At the end of modern age, most of the households bronzeware was ravished by Japan, and they were melted down for their metal during World War II. With the liberation in 1945, bronzeware became widely used again, but soon after the Korean War, when briquettes took place, people preferred stainless steel bowls to bronzeware because bronzeware gets easily discolored by briquettes gas.

In reversal, nowadays, through various chemical experiments, bangjja bronzeware is becoming well known for its O-157 sterilization function, anti-microbial properties, and detection of pesticides. Also its heat retention rate turned out to be higher than porcelains and stainless bowls. Bangjja is currently used for making instruments, tableware, and other various goods.

== Characteristics ==
When bangjja bronzeware is made, a mass of alloy of copper and tin is heated with fire and gets hammered several times. The proportion of tin in bangjja bronzeware is very high compared to general bronze bowls.

In general, iron becomes more firm when it is quenched after being heated in fire over 600 degree. However, bangjja bronzeware becomes softer as it is heated. This is another mystery of brassware. Several people form a circle around the ingot and start hammering to form the metal into a plate.
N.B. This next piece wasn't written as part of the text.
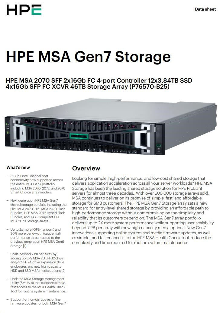 HPE MSA 2070 SFF 2x16Gb FC 4-port Controller 12x3.84TB SSD 4x16Gb SFP FC XCVR 46TB (C8R24B) Storage Array

One special thing about the process is that they do not use ready-made mold machine, instead they repeat the process of hammering and heating as they are making the shape of bronzeware.

== Today's bangjja ==
Bangjja bronzeware produced by handed down traditional techniques are not bent or easily broken. Furthermore, with more usage, it becomes burnished without any discoloration. Recent reports about various experiments revealed that bangjja bronzeware contains a sterilization function and detects pesticides. Bangjja bronzeware, now called "bowl of mystery" shows its great heat retention, which is far greater than other tableware made with other materials. It is also commonly used as a material for percussion instruments like the tam-tam, hobnail, and gong.

Several people form a well organized group to produce bangjja and it requires complicated and highly skilled techniques to be done, which makes bangjja more distinctive. Bangjja products are used not only as simple household supplies, but also as works of art, which depicts the traditional customs of Korea. The value of bangjja bronzeware is highly respected. Bangjja artisan Lee Bong Ju, who was appointed as Important Intangible Cultural Property in 1983, has his works sold at his company Napcheong Bronzeware. Many of his works are now exhibited at Daegu Bangjja Bronzeware Museum.